#### Data provided
● ● ● ● ● ● ●
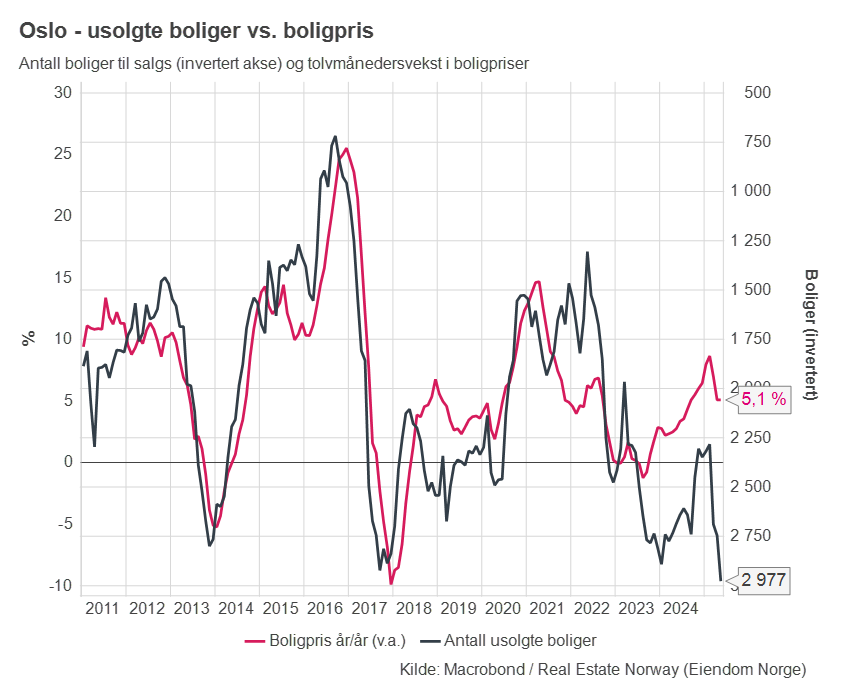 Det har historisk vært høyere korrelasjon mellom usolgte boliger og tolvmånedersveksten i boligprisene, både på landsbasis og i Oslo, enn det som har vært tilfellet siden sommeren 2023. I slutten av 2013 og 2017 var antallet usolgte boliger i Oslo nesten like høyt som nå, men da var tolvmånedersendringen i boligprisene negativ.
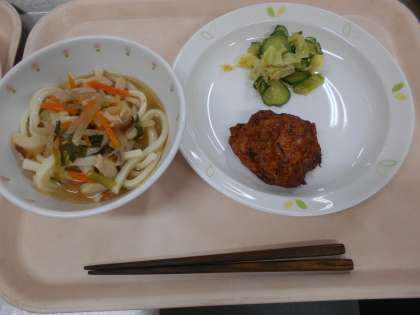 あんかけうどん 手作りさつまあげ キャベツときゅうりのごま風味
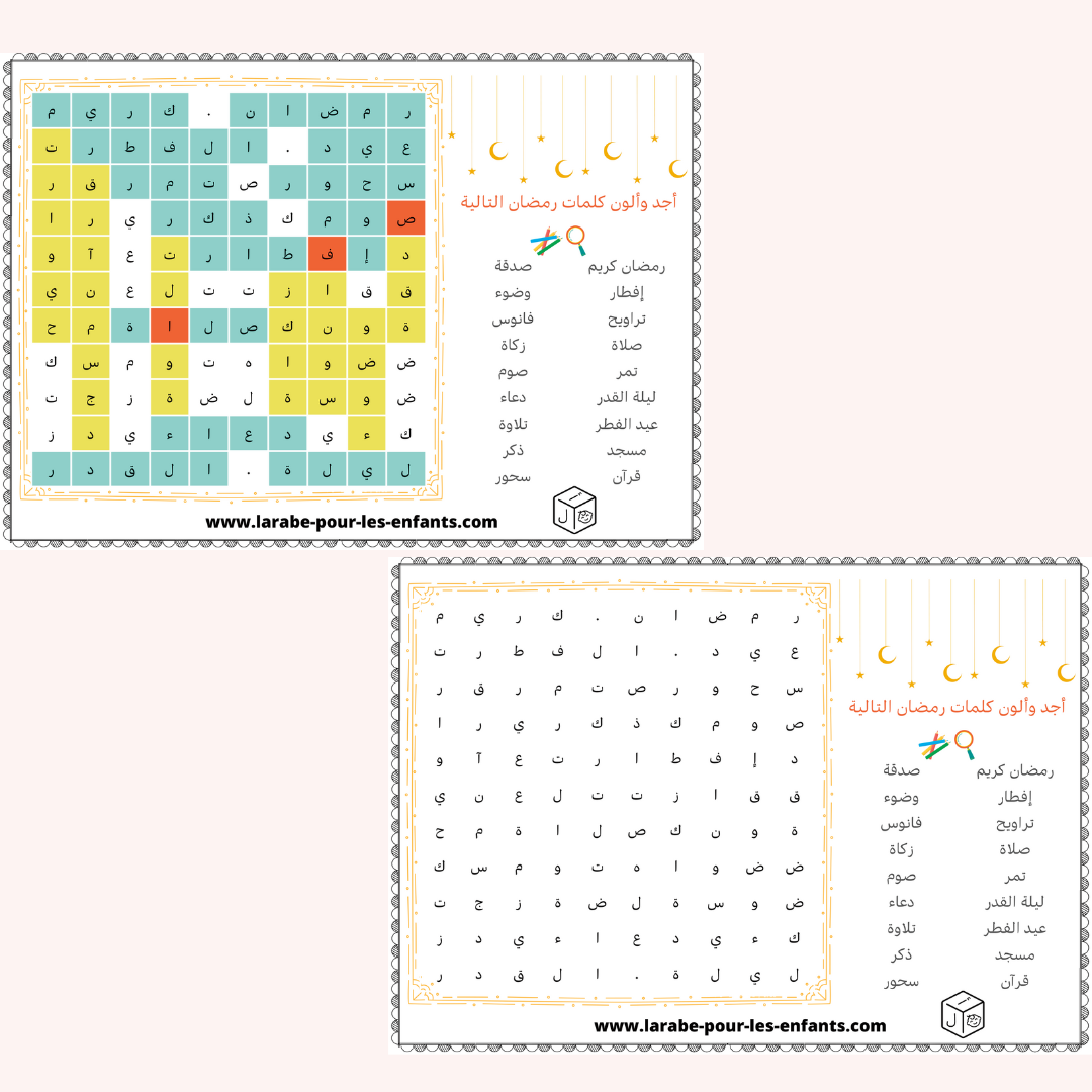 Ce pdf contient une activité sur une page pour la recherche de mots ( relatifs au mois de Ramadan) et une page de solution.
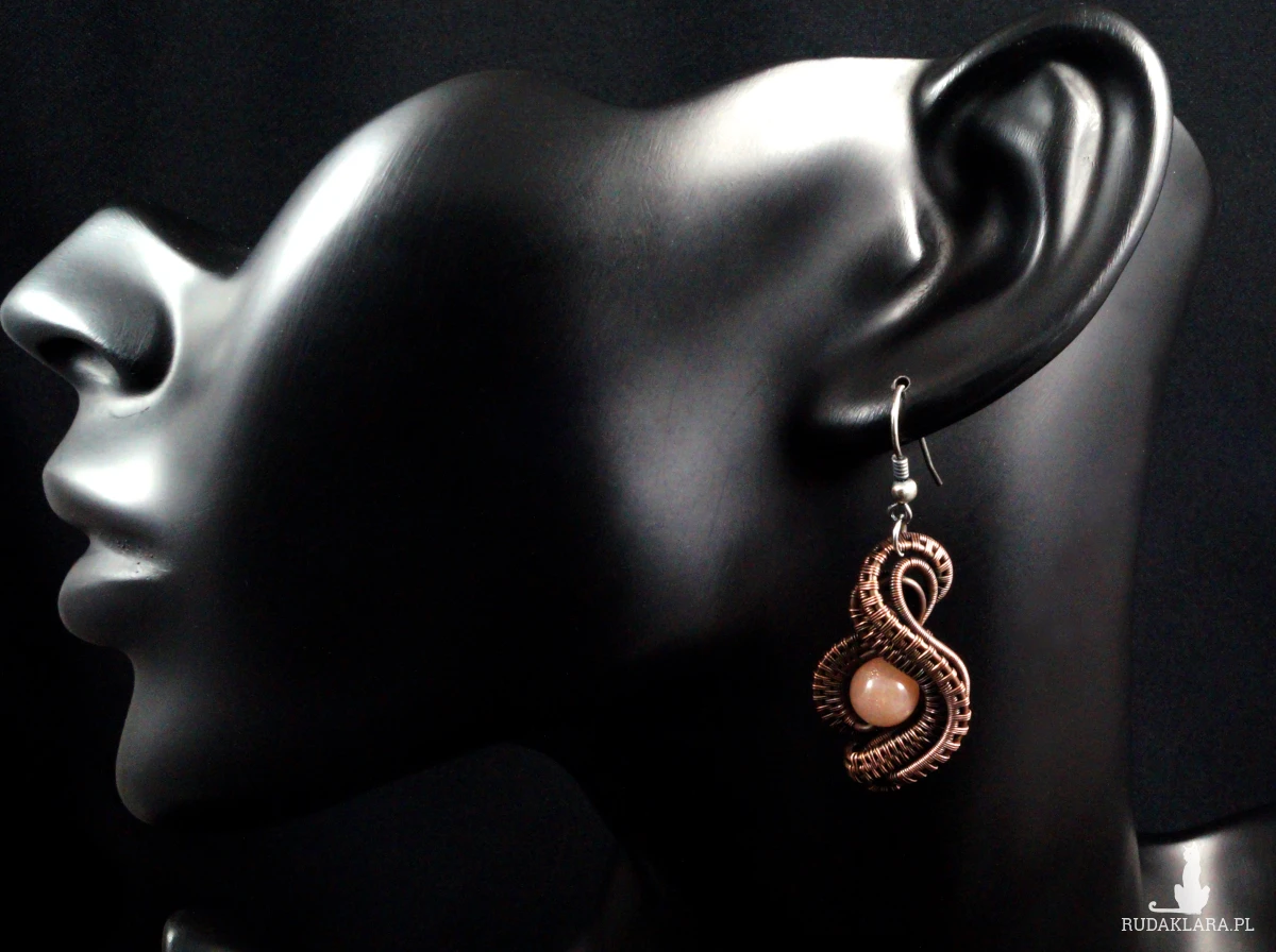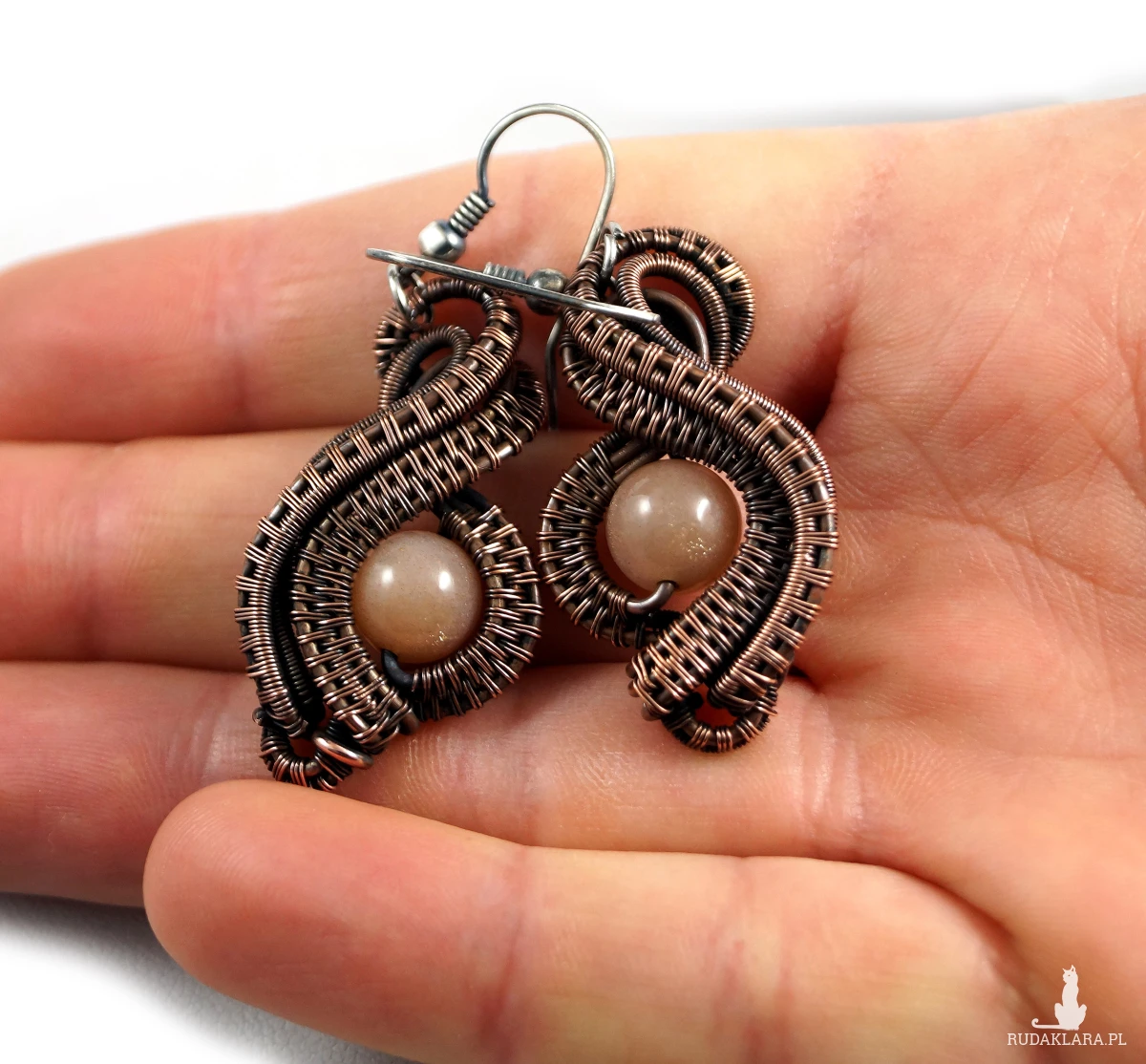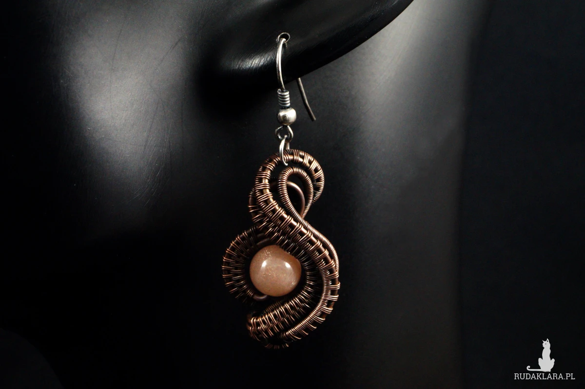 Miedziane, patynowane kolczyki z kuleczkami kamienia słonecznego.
● ● ● ● ● ● ●
#### Assigned task
Apart from the pictures, the whole listing should be reproduced exactly.

#### Solution
 Det har historisk vært høyere korrelasjon mellom usolgte boliger og tolvmånedersveksten i boligprisene, både på landsbasis og i Oslo, enn det som har vært tilfellet siden sommeren 2023. I slutten av 2013 og 2017 var antallet usolgte boliger i Oslo nesten like høyt som nå, men da var tolvmånedersendringen i boligprisene negativ.
 あんかけうどん 手作りさつまあげ キャベツときゅうりのごま風味
 Ce pdf contient une activité sur une page pour la recherche de mots ( relatifs au mois de Ramadan) et une page de solution.
 Miedziane, patynowane kolczyki z kuleczkami kamienia słonecznego.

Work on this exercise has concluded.